Neuropathy is Common with Chemo Treatments, But a Certain Type of Exercise May Help

Peripheral neuropathy involves damage to the peripheral nervous system, which controls our movement, sensory experiences, and automatic body functions. Symptoms include numbness, tingling, decreased ability to feel heat and cold, and even pain. Chemotherapy can often cause the issue, especially if it involves neurotoxic treatments like oxaliplatin and vinca alkaloids. New research finds a fairly simple therapy may help prevent the issue, though.

A study recently published in the journal JAMA Internal Medicine looked at how neuromuscular exercise could impact chemotherapy-induced peripheral neuropathy (CIPN). Focusing primarily on balance training, the findings showed that most patients who took part in this sort of exercise avoided developing CIPN. This is important, as the issue may become chronic or even impact survival due to treatment interruption.
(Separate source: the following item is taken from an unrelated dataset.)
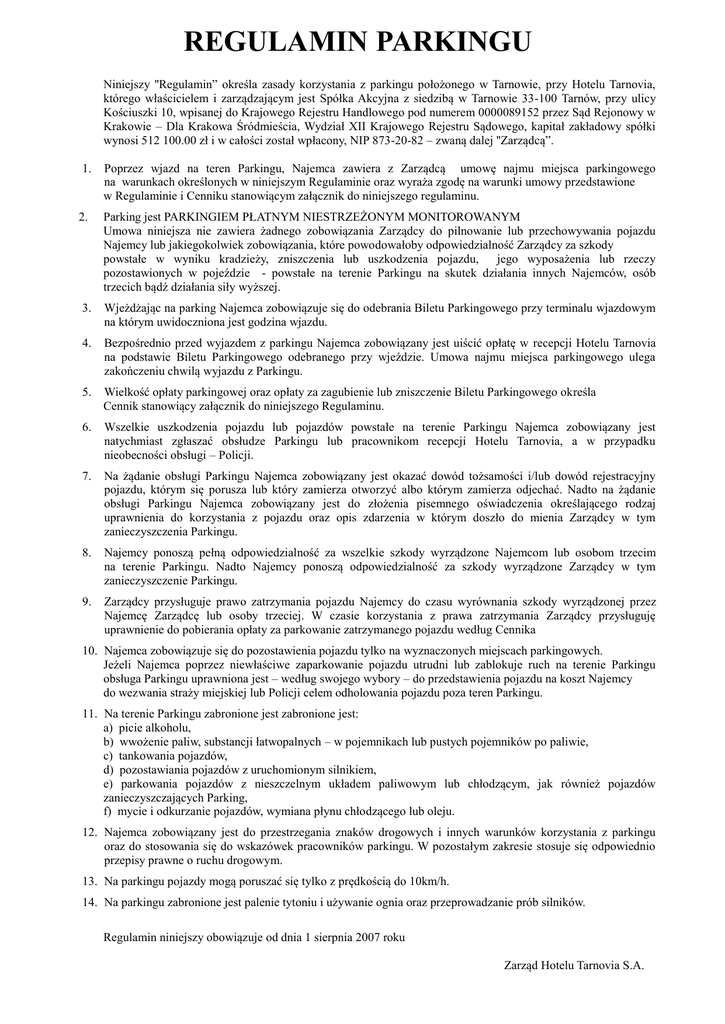 REGULAMIN PARKINGU Niniejszy ''Regulamin” określa zasady korzystania z parkingu położonego w Tarnowie, przy Hotelu Tarnovia, którego właścicielem i zarządzającym jest Spółka Akcyjna z siedzibą w Tarnowie 33-100 Tarnów, przy ulicy Kościuszki 10, wpisanej do Krajowego Rejestru Handlowego pod numerem 0000089152 przez Sąd Rejonowy w Krakowie – Dla Krakowa Śródmieścia, Wydział XII Krajowego Rejestru Sądowego, kapitał zakładowy spółki wynosi 512 100.00 zł i w całości został wpłacony, NIP 873-20-82 – zwaną dalej ''Zarządcą”. 1. Poprzez wjazd na teren Parkingu, Najemca zawiera z Zarządcą umowę najmu miejsca parkingowego na warunkach określonych w niniejszym Regulaminie oraz wyraża zgodę na warunki umowy przedstawione w Regulaminie i Cenniku stanowiącym załącznik do niniejszego regulaminu. 2. Parking jest PARKINGIEM PŁATNYM NIESTRZEŻONYM MONITOROWANYM Umowa niniejsza nie zawiera żadnego zobowiązania Zarządcy do pilnowanie lub przechowywania pojazdu Najemcy lub jakiegokolwiek zobowiązania, które powodowałoby odpowiedzialność Zarządcy za szkody powstałe w wyniku kradzieży, zniszczenia lub uszkodzenia pojazdu, jego wyposażenia lub rzeczy pozostawionych w pojeździe - powstałe na terenie Parkingu na skutek działania innych Najemców, osób trzecich bądź działania siły wyższej. 3. Wjeżdżając na parking Najemca zobowiązuje się do odebrania Biletu Parkingowego przy terminalu wjazdowym na którym uwidoczniona jest godzina wjazdu. 4. Bezpośrednio przed wyjazdem z parkingu Najemca zobowiązany jest uiścić opłatę w recepcji Hotelu Tarnovia na podstawie Biletu Parkingowego odebranego przy wjeździe. Umowa najmu miejsca parkingowego ulega zakończeniu chwilą wyjazdu z Parkingu. 5. Wielkość opłaty parkingowej oraz opłaty za zagubienie lub zniszczenie Biletu Parkingowego określa Cennik stanowiący załącznik do niniejszego Regulaminu. 6. Wszelkie uszkodzenia pojazdu lub pojazdów powstałe na terenie Parkingu Najemca zobowiązany jest natychmiast zgłaszać obsłudze Parkingu lub pracownikom recepcji Hotelu Tarnovia, a w przypadku nieobecności obsługi – Policji. 7. Na żądanie obsługi Parkingu Najemca zobowiązany jest okazać dowód tożsamości i/lub dowód rejestracyjny pojazdu, którym się porusza lub który zamierza otworzyć albo którym zamierza odjechać. Nadto na żądanie obsługi Parkingu Najemca zobowiązany jest do złożenia pisemnego oświadczenia określającego rodzaj uprawnienia do korzystania z pojazdu oraz opis zdarzenia w którym doszło do mienia Zarządcy w tym zanieczyszczenia Parkingu. 8. Najemcy ponoszą pełną odpowiedzialność za wszelkie szkody wyrządzone Najemcom lub osobom trzecim na terenie Parkingu. Nadto Najemcy ponoszą odpowiedzialność za szkody wyrządzone Zarządcy w tym zanieczyszczenie Parkingu. 9. Zarządcy przysługuje prawo zatrzymania pojazdu Najemcy do czasu wyrównania szkody wyrządzonej przez Najemcę Zarządcę lub osoby trzeciej. W czasie korzystania z prawa zatrzymania Zarządcy przysługuję uprawnienie do pobierania opłaty za parkowanie zatrzymanego pojazdu według Cennika 10. Najemca zobowiązuje się do pozostawienia pojazdu tylko na wyznaczonych miejscach parkingowych. Jeżeli Najemca poprzez niewłaściwe zaparkowanie pojazdu utrudni lub zablokuje ruch na terenie Parkingu obsługa Parkingu uprawniona jest – według swojego wybory – do przedstawienia pojazdu na koszt Najemcy do wezwania straży miejskiej lub Policji celem odholowania pojazdu poza teren Parkingu. 11. Na terenie Parkingu zabronione jest zabronione jest: a) picie alkoholu, b) wwożenie paliw, substancji łatwopalnych – w pojemnikach lub pustych pojemników po paliwie, c) tankowania pojazdów, d) pozostawiania pojazdów z uruchomionym silnikiem, e) parkowania pojazdów z nieszczelnym układem paliwowym lub chłodzącym, jak również pojazdów zanieczyszczających Parking, f) mycie i odkurzanie pojazdów, wymiana płynu chłodzącego lub oleju. 12. Najemca zobowiązany jest do przestrzegania znaków drogowych i innych warunków korzystania z parkingu oraz do stosowania się do wskazówek pracowników parkingu. W pozostałym zakresie stosuje się odpowiednio przepisy prawne o ruchu drogowym. 13. Na parkingu pojazdy mogą poruszać się tylko z prędkością do 10km/h. 14. Na parkingu zabronione jest palenie tytoniu i używanie ognia oraz przeprowadzanie prób silników. Regulamin niniejszy obowiązuje od dnia 1 sierpnia 2007 roku Zarząd Hotelu Tarnovia S.A.

Middle aged man does balance exercises
PHOTO: ADOBE STOCK / SVITLANA

Dr. Fiona Streckmann, lead researcher and sports scientist from the University of Basel, says, “This side effect has a direct influence on clinical treatment: for example, patients may not be able to receive the planned number of chemotherapy cycles that they actually need, the dosage of neurotoxic agents in the chemotherapy may have to be reduced, or their treatment may have to be terminated.”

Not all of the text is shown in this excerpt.